Are Engineers Natural Libertarians Or Technocrats?
uctpjac writes "This openDemocracy article uses Scott Adams' presidential bid to argue that however much engineers — especially Silicon Valley types — like to think that they're libertarians, they are in fact much more likely to be control-freak technocrats. Quoting: 'Sensibly if uncharismatically, Adams has pledged if elected to delegate most of his decisions to people who know more than him, and flip-flop on any issue where new evidence causes him to modify his position. His worldview has its limitations – he underestimates the value of ways of thinking other than the engineer's, and it's naïve of him to claim his approach to policy is purely pragmatic and non-ideological.' Is this a fair account? Has the author wrongly read Dilbert, or wrongly interpreted the relationship between the engineering mindset and Adams' representation of it in the cartoon strip?"
... for a fee.
It seems that most people have a hard time when life isn't left down to 2 choices. No wonder we have such a hard time coming together on a common ground and working out our problems.
Since when is Silicon Valley the heart of engineering?? Maybe if you're an electrical or computer engineer. Engineering has been around a lot longer than Silicon Valley or the 1980s. Why not also pretend San Francisco is the heart of engineering?
Libertarians are more likely to be self-starters and doers, which is more consistent with the engineering mentality.
Scientists, on the other hand, are more likely to be welfare-staters, because their science funding and grantsmanship culture is ever more dependent on the state.

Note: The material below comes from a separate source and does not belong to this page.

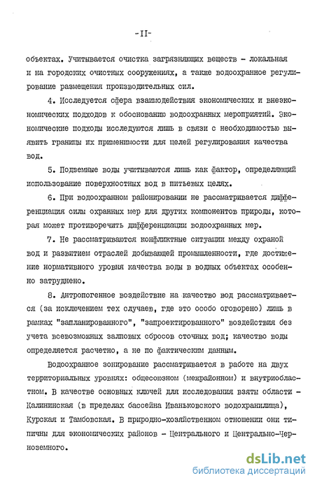 4. Исследуется сфера взаимодействия экономических и внеэкономических подходов к обоснованию водоохранных мероприятий. Экономические подходы исследуются лишь в связи с необходимостью выявить границы их применимости для целей регулирования качества вод.
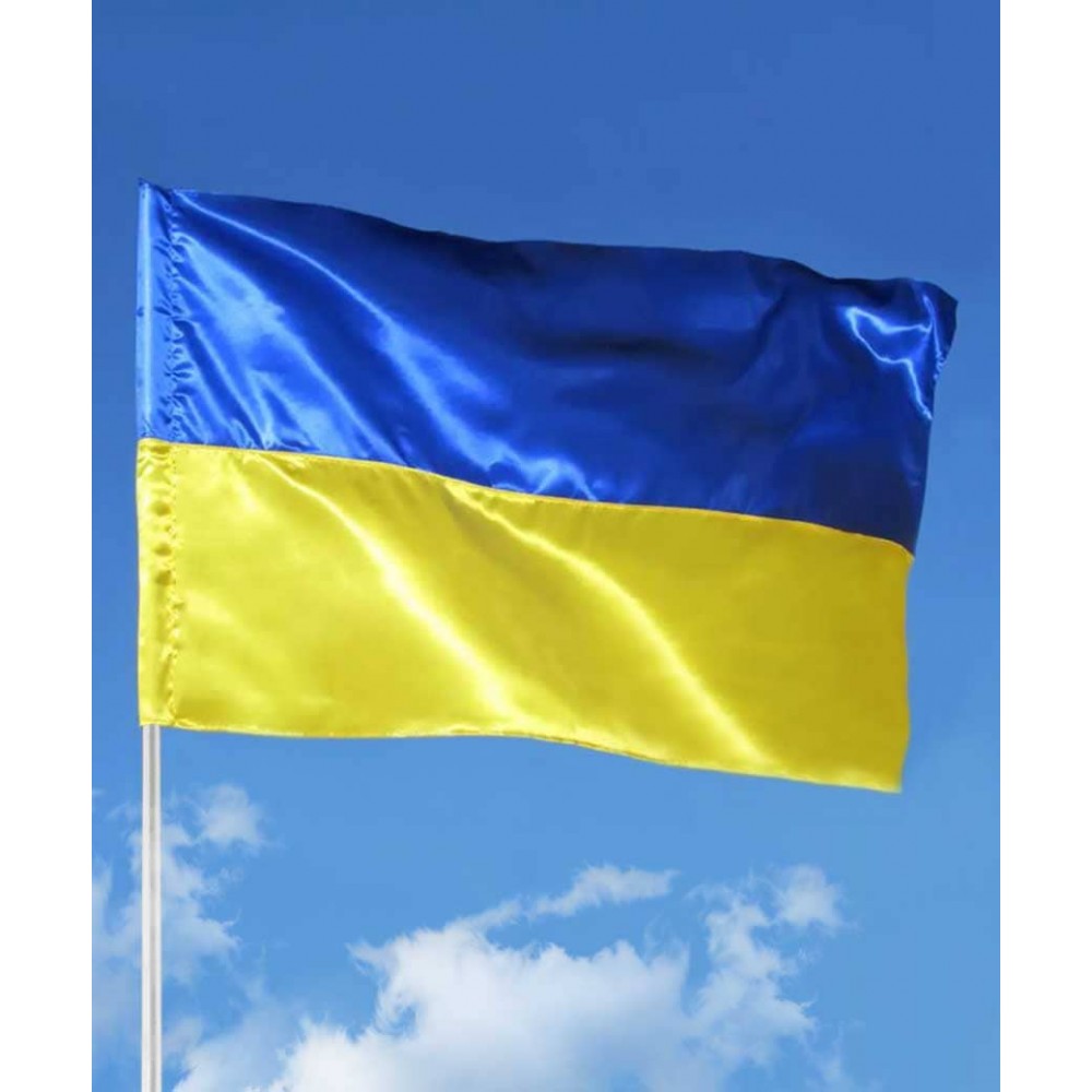 Прапор 140см*90см УКРАЇНА атласний. Є карман для штока, сам шток продається окремо.

Decisions based merely on results, divorced from ethics and morality can bring disastrous results. Think how quickly we could advance medicine if we started experimenting on humans unchecked, or how "safe" we could be if we lived in a police state. I put safe in quotes because we might be safe from terrorists and other boogeymen, but we wouldn't be safe from the police state.
Taking guns away from the 99% gives the 1% 100% of the power.
...so taking what he says 100% seriously is probably a mistake. Even if Dilbert does often appear to be a thinly-veiled documentary.
Engineers are the same in politics as they are elsewhere. They'll fix any well-defined problem, but the solution can only meet two of three criteria: fast, cheap, and high-quality. But voters (like customers) will want all three, and won't define the problem well.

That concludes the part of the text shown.